Example from the themes: ‘confidence’
“ I always try to approach teaching and learning from a creative
point of view, but do sometimes feel that it’s difficult to apply it to
all areas. I feel with more experience and the opportunity to teach
more creativity I will gain more confidence in my own capabilities.”
Primary PGCE
“I feel far more confident than I did at the beginning of my teaching,
however, I still do not feel entirely confident coming up with
appropriate levels of creativity to enrich my lessons” PGCE
Secondary
“I feel confident to take risks and allow different
opportunities for creative teaching and learning. I do feel
that modules at university have helped with this particularly
a module entitled 'ICT and Creativity’”
Many identified a strong connection between their subject
specialist knowledge and experience and their
preparedness to teach for creativity:
“My specialism at university of history has helped me
teach cross-curricular and more topic-based [projects]
allowing for creative sessions.” Primary PGCE
“I feel that my previous experience as an artist and
having completed a BTEC in Art and Design and a Fine Art
degree has prepared me with the tools and capabilities
for teaching and learning through creativity” Secondary
PGCE
Many students were keen to be creative and
teach for creativity – many cited their previous
experiences as good preparation for being
creative teachers
In the workshops their artwork shows their
fear that the shackles of schemes of work,
school constraints and lack of governmental
support which denied them the opportunity
to be creative and teach for creativity
New teachers increasingly focused on day to
day requirements of school and inspection
regimes; they are distancing themselves from
central governmental policy
Shift in practice over three years of the project
Early findings: disillusionment
• “National guidelines are not necessarily promoting creativity
in practice.
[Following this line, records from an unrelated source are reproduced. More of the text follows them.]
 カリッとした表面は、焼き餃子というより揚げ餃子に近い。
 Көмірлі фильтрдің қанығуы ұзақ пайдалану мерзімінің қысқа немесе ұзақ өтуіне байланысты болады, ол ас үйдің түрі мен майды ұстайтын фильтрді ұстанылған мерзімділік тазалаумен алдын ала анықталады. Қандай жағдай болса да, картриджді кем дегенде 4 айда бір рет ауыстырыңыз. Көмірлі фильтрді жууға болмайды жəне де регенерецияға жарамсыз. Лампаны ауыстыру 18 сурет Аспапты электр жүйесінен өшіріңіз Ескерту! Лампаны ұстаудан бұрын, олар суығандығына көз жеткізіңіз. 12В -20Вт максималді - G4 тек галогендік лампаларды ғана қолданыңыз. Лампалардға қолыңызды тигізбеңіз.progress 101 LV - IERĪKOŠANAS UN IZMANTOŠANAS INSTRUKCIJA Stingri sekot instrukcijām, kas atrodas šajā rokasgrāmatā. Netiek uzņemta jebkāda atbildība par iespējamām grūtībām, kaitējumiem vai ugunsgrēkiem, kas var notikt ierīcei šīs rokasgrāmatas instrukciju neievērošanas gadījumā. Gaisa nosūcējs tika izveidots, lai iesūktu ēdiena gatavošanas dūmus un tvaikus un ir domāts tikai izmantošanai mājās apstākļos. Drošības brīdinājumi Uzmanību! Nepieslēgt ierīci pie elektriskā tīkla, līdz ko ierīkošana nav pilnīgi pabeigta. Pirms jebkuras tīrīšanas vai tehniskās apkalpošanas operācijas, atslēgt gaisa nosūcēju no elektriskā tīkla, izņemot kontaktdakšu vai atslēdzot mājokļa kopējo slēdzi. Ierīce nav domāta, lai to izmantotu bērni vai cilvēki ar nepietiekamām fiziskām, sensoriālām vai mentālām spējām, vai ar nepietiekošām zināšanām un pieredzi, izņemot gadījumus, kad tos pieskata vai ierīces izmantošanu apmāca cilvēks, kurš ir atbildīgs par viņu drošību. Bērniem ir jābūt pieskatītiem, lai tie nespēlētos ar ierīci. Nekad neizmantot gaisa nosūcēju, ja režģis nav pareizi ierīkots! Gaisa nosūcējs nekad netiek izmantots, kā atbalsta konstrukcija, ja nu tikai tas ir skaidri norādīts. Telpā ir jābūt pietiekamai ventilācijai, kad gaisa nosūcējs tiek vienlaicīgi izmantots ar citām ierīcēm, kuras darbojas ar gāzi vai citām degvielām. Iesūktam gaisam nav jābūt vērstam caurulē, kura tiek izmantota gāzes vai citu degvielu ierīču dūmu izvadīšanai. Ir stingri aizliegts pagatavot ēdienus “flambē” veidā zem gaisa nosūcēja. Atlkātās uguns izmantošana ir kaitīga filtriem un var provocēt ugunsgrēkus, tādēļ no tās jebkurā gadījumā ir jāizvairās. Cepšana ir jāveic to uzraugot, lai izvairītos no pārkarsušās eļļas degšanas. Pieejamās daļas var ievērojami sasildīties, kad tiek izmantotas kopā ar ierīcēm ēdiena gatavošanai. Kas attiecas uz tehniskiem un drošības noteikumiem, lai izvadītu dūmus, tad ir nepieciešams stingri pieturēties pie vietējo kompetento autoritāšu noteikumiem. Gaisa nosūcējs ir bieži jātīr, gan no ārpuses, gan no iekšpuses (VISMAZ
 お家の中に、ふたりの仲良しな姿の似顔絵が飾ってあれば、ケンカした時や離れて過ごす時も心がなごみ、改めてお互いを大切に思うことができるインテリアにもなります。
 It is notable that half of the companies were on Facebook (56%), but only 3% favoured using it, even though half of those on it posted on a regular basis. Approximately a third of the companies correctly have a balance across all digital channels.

They seem to be stifling it with the other policies
that are obviously coming to the forefront.”
• “But the government has just changed its policy so they have
the ability to get rid of teaches they don’t like and ruin careers
anyway with their new capability procedures.”
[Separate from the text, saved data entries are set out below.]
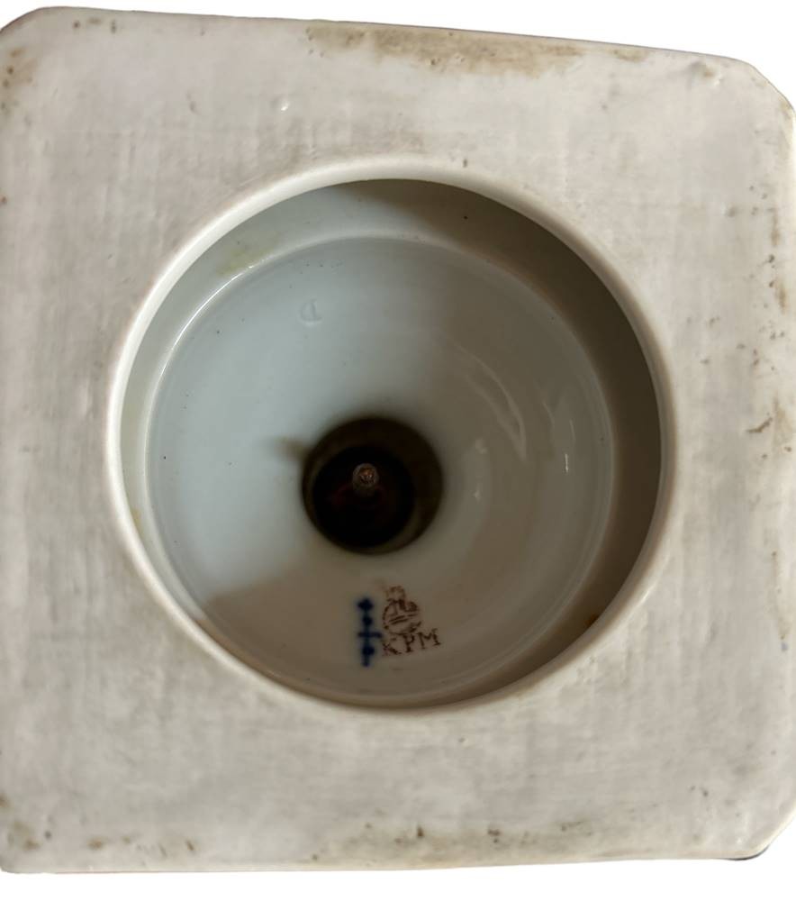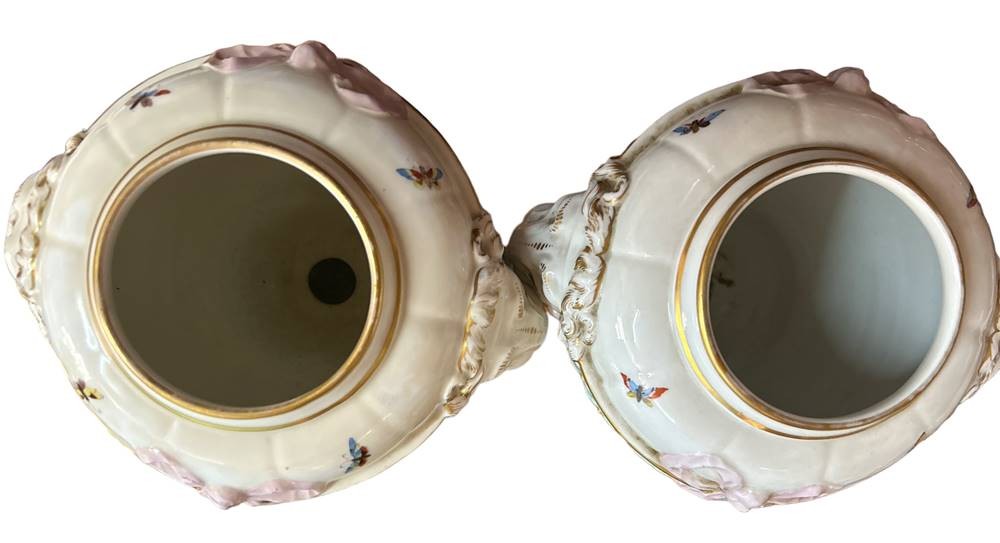 2x KPM Urnenvasen um 1880, bei beiden ein Medaillon beschädigt, H-27 cm, Zeptermarke und Reichsapfel, beidseitig Löwenköpfe mit Girlanden, 3x fehlen die Ringe, aber einmal Bruchstück anbei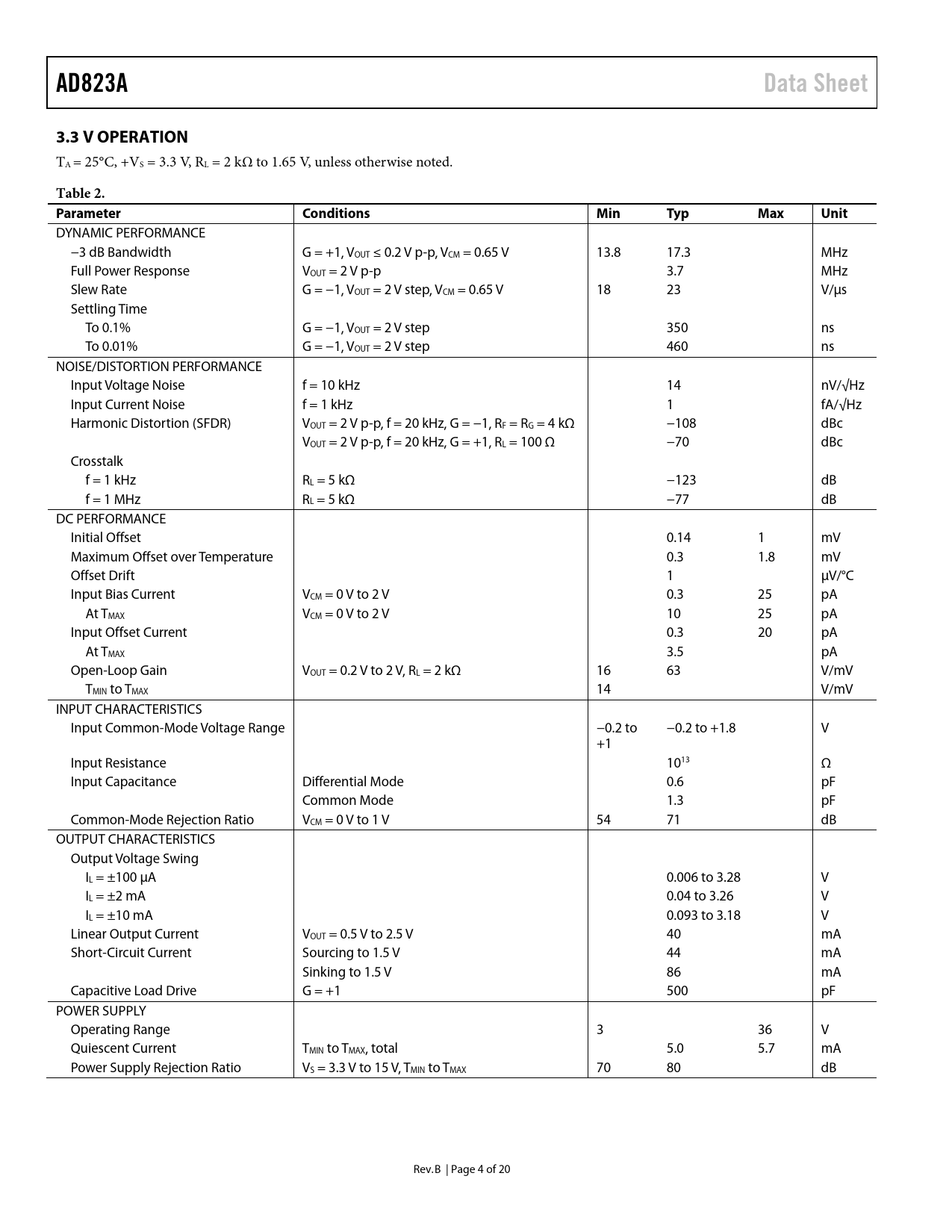 AD823A. Data Sheet. 3.3 V OPERATION. Table 2. Parameter. Conditions. Min. Typ. Max. Unit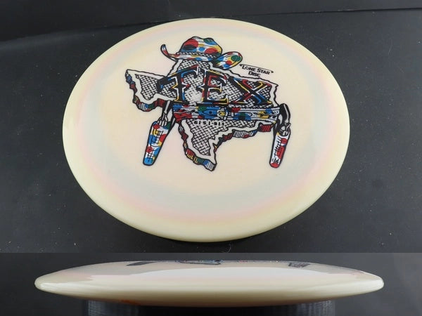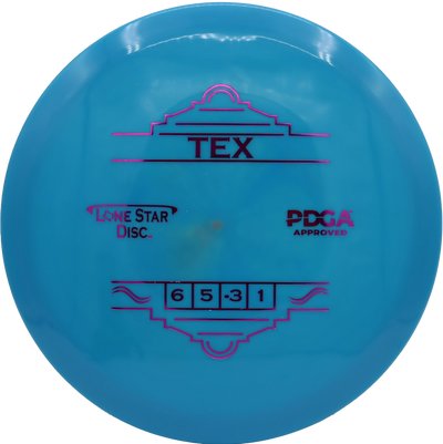Lone Star Disc The Tex is a controllable, understable fairway driver perfect for carving lines, executing hyzer-flips, and getting easy distance from low-power throws. With its consistent turn and dependable fade, The Tex makes a reliable tool for shaping woods shots, rollers, and downhill drives.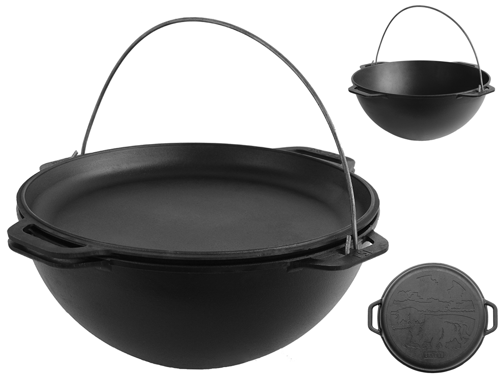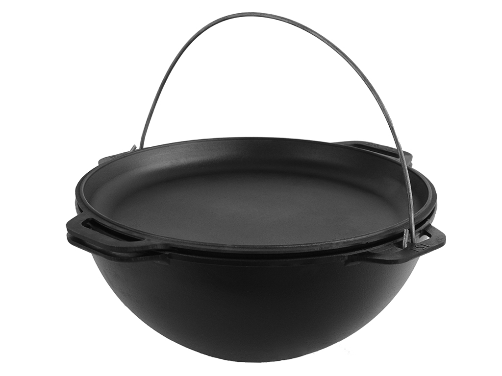 Казан азиатский чугунный Brizoll "Азия" чугунная крышка-сковорода 15л KA15-3
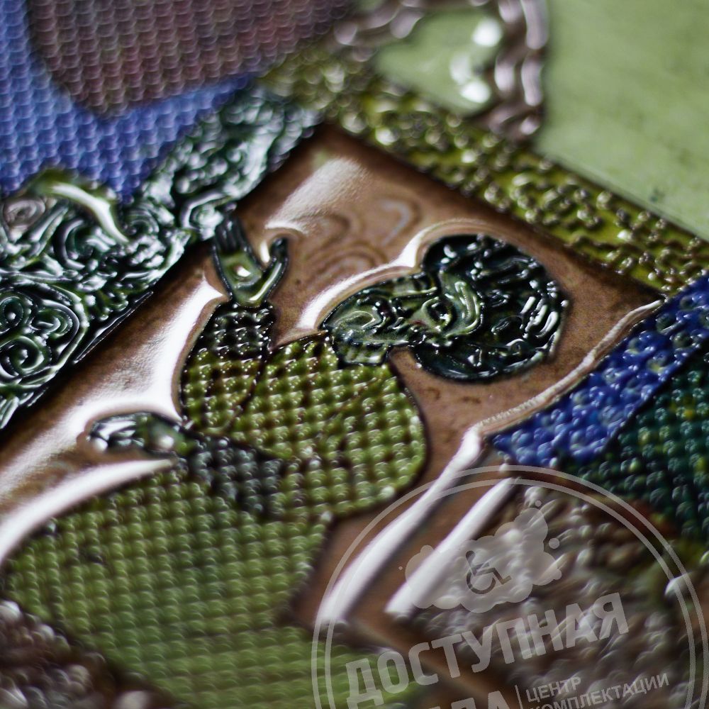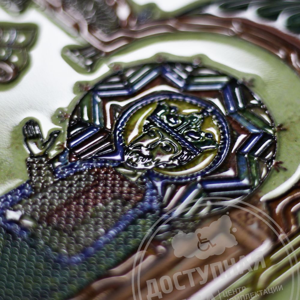 Тактильная поверхность представляет собой рельеф, состоящий из набора полимерных слоёв, где каждый последующий слой полимеризуется на поверхности предыдущего при помощи УФ излучения. Высота рельефно-точечного шрифта 0,6-0,7 мм, но не менее 0,5 мм по ГОСТ Р 51671-2020. На портрете возможно расположение тифлометок для передачи более полного описания репродукции, с учётом особенностей восприятия информации тотально слепыми людьми. Тактильная 2D картина идет в комплекте вместе с багетом.

Early findings: the policy
vacuum and its consequences
• There is evidence from our study that this policy vacuum
appears to be creating a deeply entrenched dislocation of
teachers from policy.
• Government policy is now seen as unreliable, transient, and
overtly partisan – likely to change at any moment, so not
worth bothering with.
• Diligence and assiduous attention to guidance, formerly
common amongst our participants, and been replaced by
a cynicism and indifference to central policy in their
responses.
• Fear of failure appears to be in the ascendency, which
does not bode well for creativity in schools, as far as
some participants were concerned.
Creativity in policy and theory – but not
in practice?
“…seemed from university that they were teaching us all
these wonderful ways – we’ve learned how children
learn, we’ve learned how the brain develops, we’ve
learned how to be creative… and then we’ve learned that
in reality you have all the pressures of tests and
performance, that put this out of the window.”
“you have a teacher who is saying ‘I know the answer; can
you tell me the answer?’ then you are creating a group of
children who are just dependent on pleasing the teacher.”
Implications?
Discussion question:
• What do other HEIs in Britain think about
these issues?
• Are there differences /similarities in within
other countries in the UK or Europe?